Required action
In the entries that follow, repeat exactly the lines from the one that has "بنك القدس يسلم" through the one that has "VERSATILE AND EXTRA", but omit pictures.

Data shown
::::
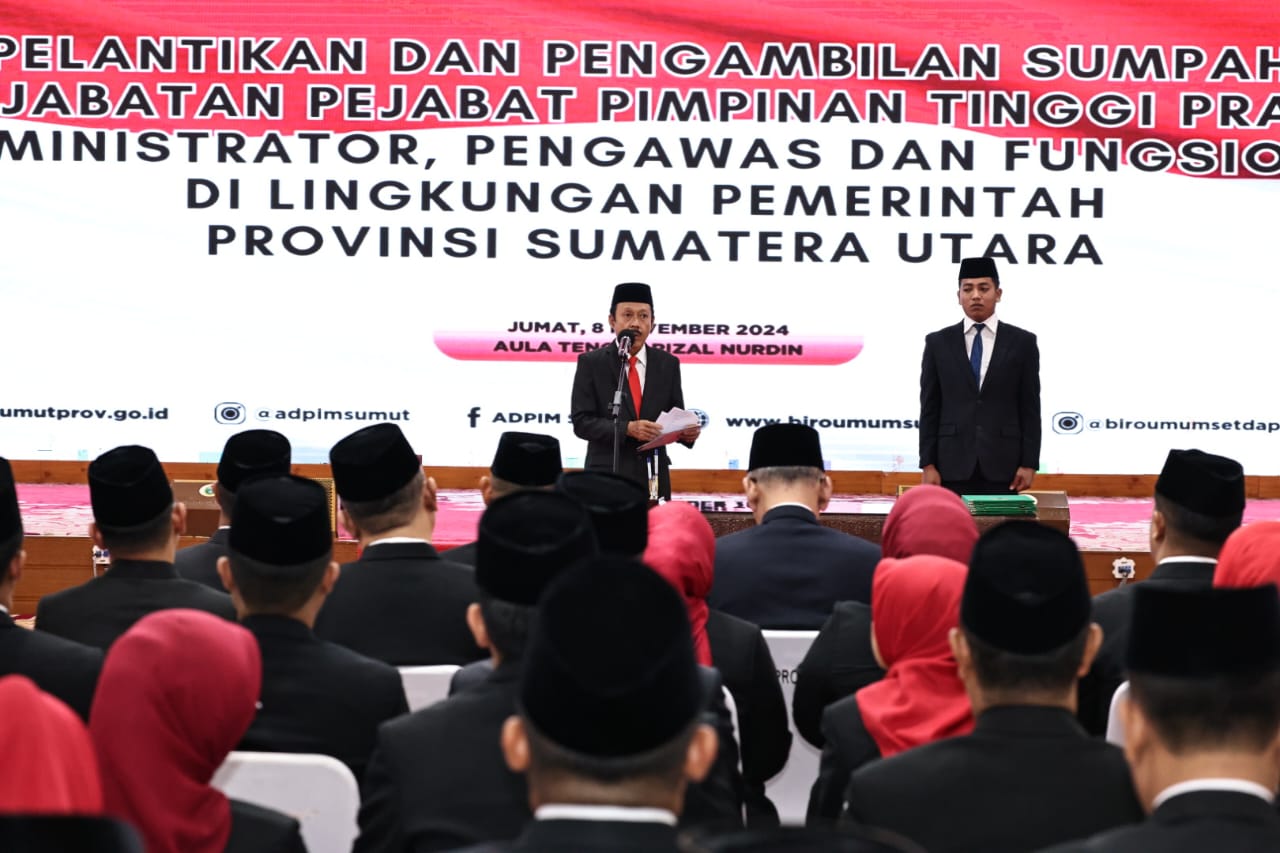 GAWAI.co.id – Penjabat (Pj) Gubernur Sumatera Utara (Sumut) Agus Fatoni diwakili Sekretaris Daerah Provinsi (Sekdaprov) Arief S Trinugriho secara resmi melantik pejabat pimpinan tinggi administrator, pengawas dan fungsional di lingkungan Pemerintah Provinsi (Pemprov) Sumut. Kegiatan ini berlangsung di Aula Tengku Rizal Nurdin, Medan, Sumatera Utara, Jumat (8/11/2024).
::::
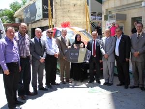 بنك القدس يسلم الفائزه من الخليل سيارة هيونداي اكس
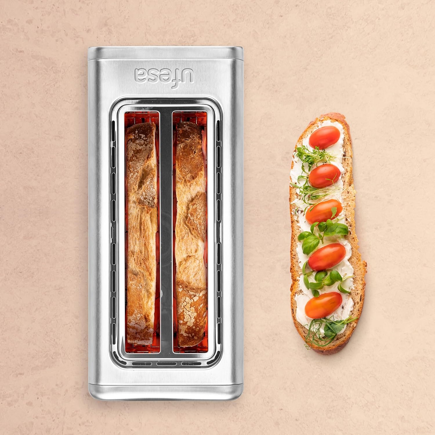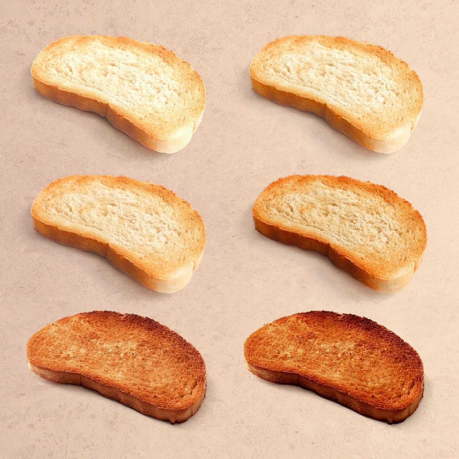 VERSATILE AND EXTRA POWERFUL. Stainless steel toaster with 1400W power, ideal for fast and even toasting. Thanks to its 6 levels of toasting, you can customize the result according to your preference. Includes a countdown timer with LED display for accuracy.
::::
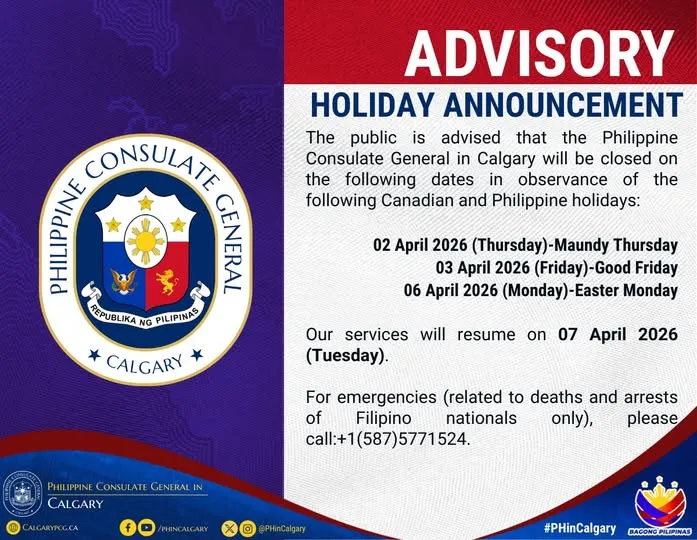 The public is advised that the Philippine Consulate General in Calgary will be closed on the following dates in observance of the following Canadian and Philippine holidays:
::::
Output below
 بنك القدس يسلم الفائزه من الخليل سيارة هيونداي اكس
 VERSATILE AND EXTRA POWERFUL. Stainless steel toaster with 1400W power, ideal for fast and even toasting. Thanks to its 6 levels of toasting, you can customize the result according to your preference. Includes a countdown timer with LED display for accuracy.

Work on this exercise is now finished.